Meaning? A defendant has to surrender "all gross receipts" from the offense, according to the solicitor general's brief. "The dealer cannot escape forfeiture by using the proceeds to buy other property, such as a car or a house."
The problem is, the government cannot claim Terry Honeycutt actually "obtained" nearly $270,000 from the Brainerd Army Store, his legal team, including Georgia attorney Christopher Townley, argued in a response brief.
"The government admitted [Honeycutt] 'did not have a controlling interest in the store' and did not 'benefit personally from the illegal sales' and relies on the supposed conspiracy-law rule that each co-conspirator 'becomes responsible for the acts of his co-conspirators,' like members of a lawful partnership,'" Honeycutt's attorneys wrote.

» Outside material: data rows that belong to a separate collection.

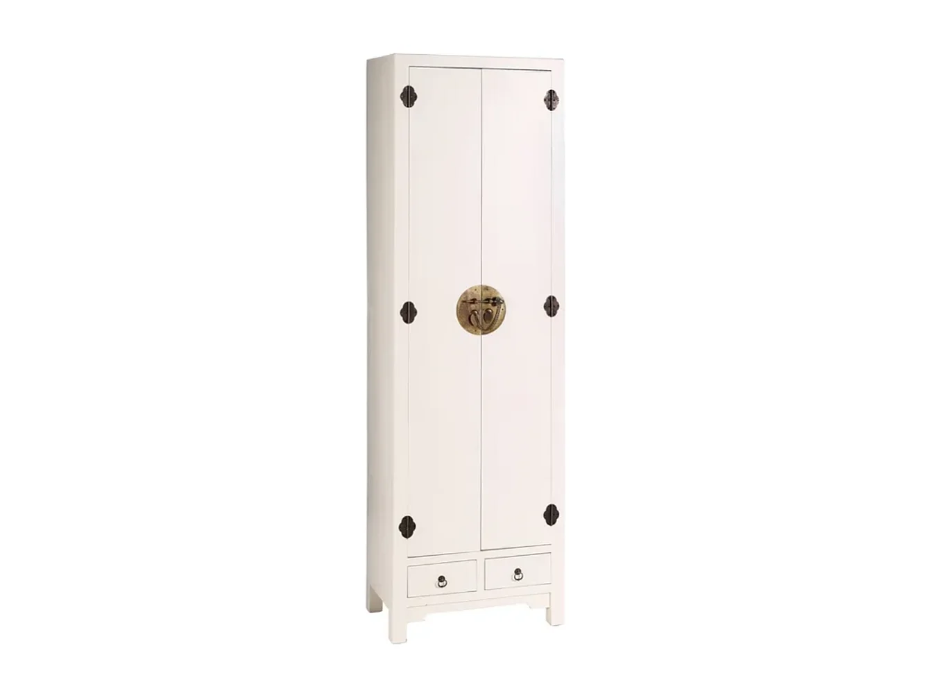Vestiaire d’entrée en bois blanc 2 portes et 2 tiroirs style asiatique chic AÉRIS
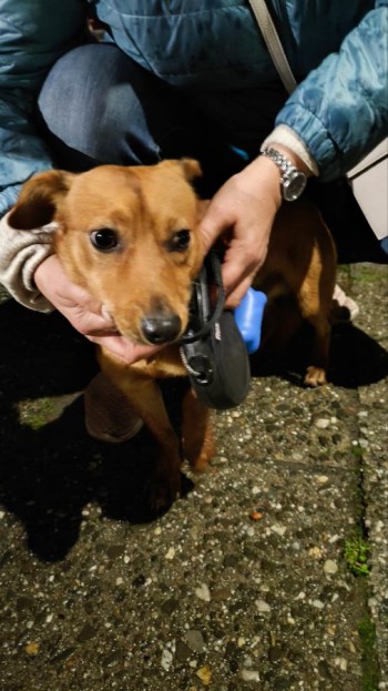 Rudy, niski (ok. 30-40cm), przyjazny, lgnie do ludzi
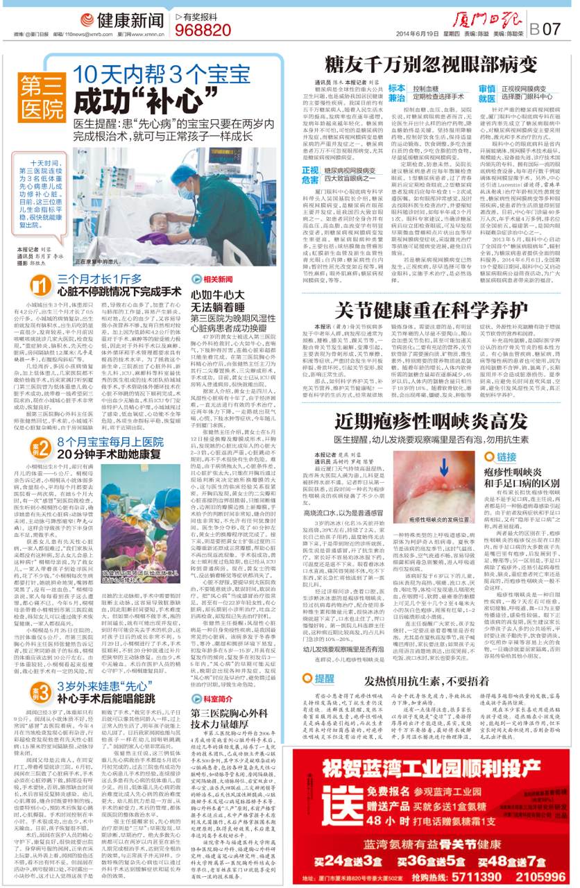 厦门第三医院低体重儿“补心”手术享誉八闽
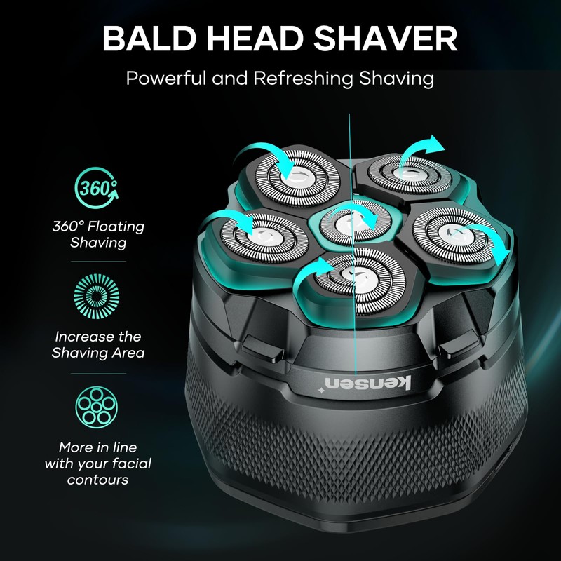 - kensen 6D Magnetic Blade Head Shaver Replacement Heads - kensen men's rotary head shavers use a unique 6D rotating floating head and double-layer blade design, which can achieve perfect 360-degree skin contact and can quickly shave beard or soft, hard and thick hair.
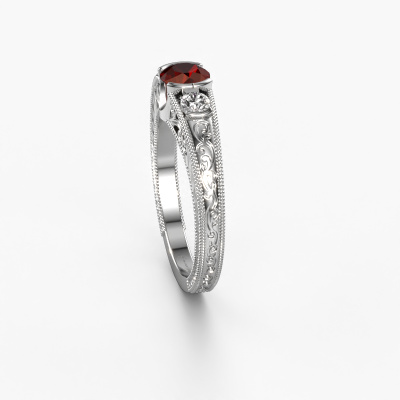 This 14 Carat white gold ring is called Tasia and is set with 5 mm garnet. Is your girlfriend hooked on vintage? Then this white gold filigree promise ring will surely match her style perfectly. A trendy ring with just a hint of vintage adornment. A truly stunning, romantic design! Especially when you customize your ring to your own liking. This vintage 3-stone promise ring is set with stunning garnet. As you can see, you are the boss in selecting a gemstone which matches the style of your girlfriend best. Each gemstone is carefully selected by our merchants whom are spread throughout the world. Nothing but the best gems for our expert goldsmith. After all, it is his crowning glory! Each jewel is made with passion and love by one of our master goldsmiths.By using a combination of the latest modern techniques, combined with ancient crafting, we can make all our promise ring in our own studio. Each jewel is made to order. This is advantageous because we can offer you a price you won't find anywhere else.Our team adds new designs to our online collection daily. Our designers and goldsmiths work together in creating the best design. We strive to offer a diverse collection of jewels. Perhaps you have a specific jewel design in mind. One you came across somewhere. Please contact us for a free consultation. We will make you an offer, based on a fair price/ quality ratio, that will baffle you.To make it easier for you, we offer a 30 day return policy. Check our terms and conditions.

"The difference, however, is actual ownership. Partners own partnership shares, and thereby indirectly obtain property the partnership receives," they argued.
Townley said Tuesday his client will not appear because he's serving a 60-month sentence in federal prison in Manchester, Ky., on his 2014 drug conspiracy conviction. Terry Honeycutt's expected release date is June 4, 2018, according to the Federal Bureau of Prisons.
Little, from the SCOTUS website, offered a theory though: "I generally resist trying to predict the court's inclinations before argument is even heard. Still the textual argument for Honeycutt seems strong on this record."
Arguments will begin around 10:45 a.m.